Plenty of space for thick rimmed glasses and scarves in 70 degree weather…

I’m not a star chaser. I’m not! Really! But… would I have cared about The Gorbals if not for Top Chef? Er, probably not.

In need for a last minute dinner reservation anywhere downtown, The Gorbals popped up on Open Table so I booked it. Illan Hall wasn’t a favorites on the show, but—much to the chagrin of my school teachers—TV tells me what to do these days.

In the pre-ultrahipsterazation lobby of the Alexandria Hotel an unremarkable door hides The Gorbal’s sparse dining room. Populated with utilitarian wooden furniture and down-lights, it’s a refreshingly quiet space from a winner of a reality television show. Although the unpretentiousness of the space is muddled by the paint-by-numbers predictability of the hostess’ high-waisted jeans and plastic rimmed glasses.

The menu is broken down by animal, with a neat little omnivore section for the likes of me (and you?)! The Pimento Cheese & Corn was sadly out of stock, still we ordered a nice assortment of hits and misses that gave me a clear picture of Chef Illan’s cooking point of view.

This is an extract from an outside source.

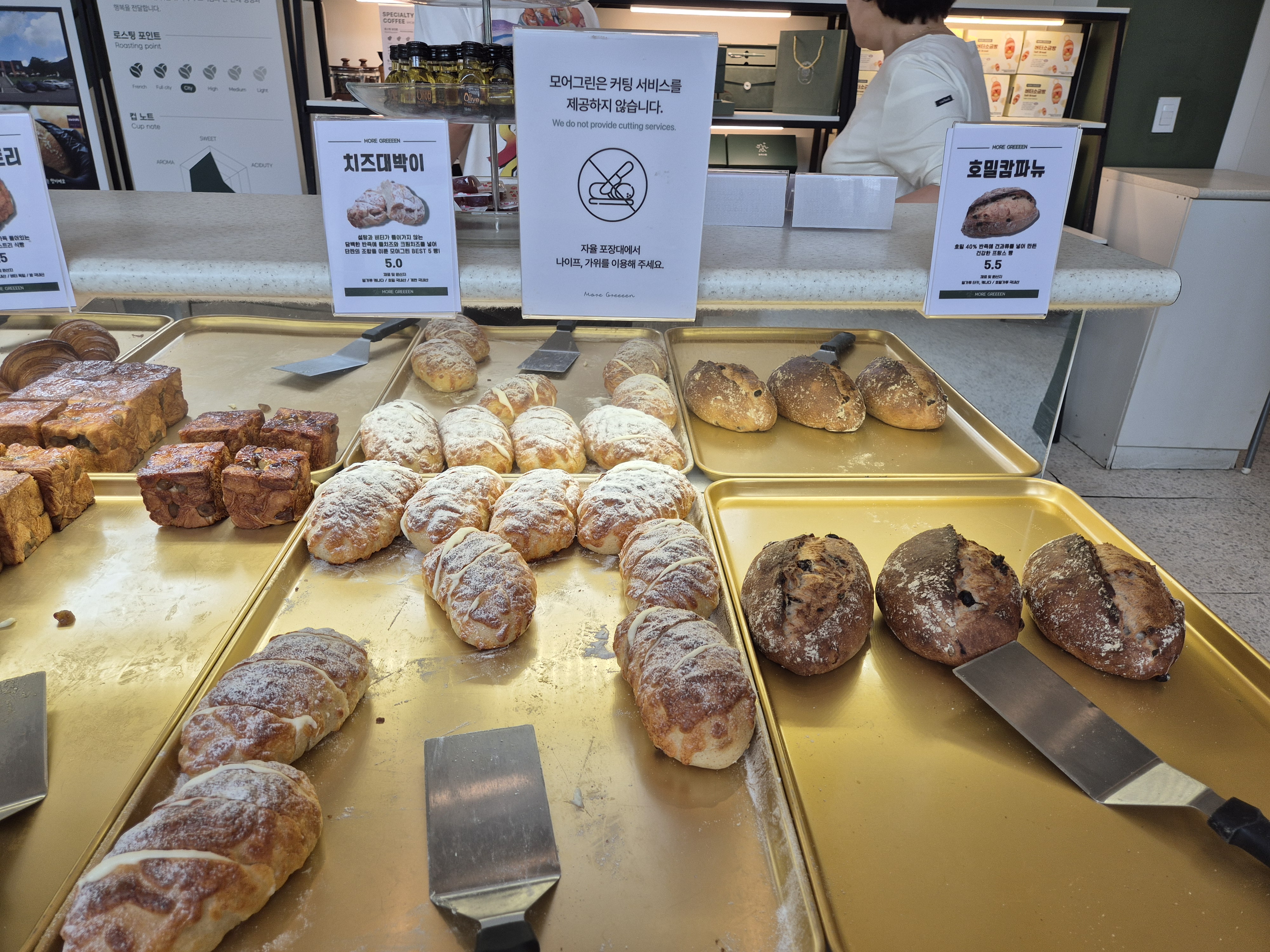 베이커리 카페 치고는 빵종류가 조금은 약소 한편인 거 같은 모어 그린입니다.

Yes, even without the meat.

The secret to these cucumbers is not lemon

Our meal kicked off with the Persian cucumbers and clearly not canned Garbanzos Beans tossed with Sesame Oil and Sumac ($8). Wading in a puddle of what I assumed to be watered down sesame oil, the cucumbers were ‘kicked up a notch’ with sumac. Apparently I didn’t know what sumac was before this meal, but I’ll never forget it now! Though the red color implies spiciness, it’s more like a sharp dusting of lemony zest! Fabulous!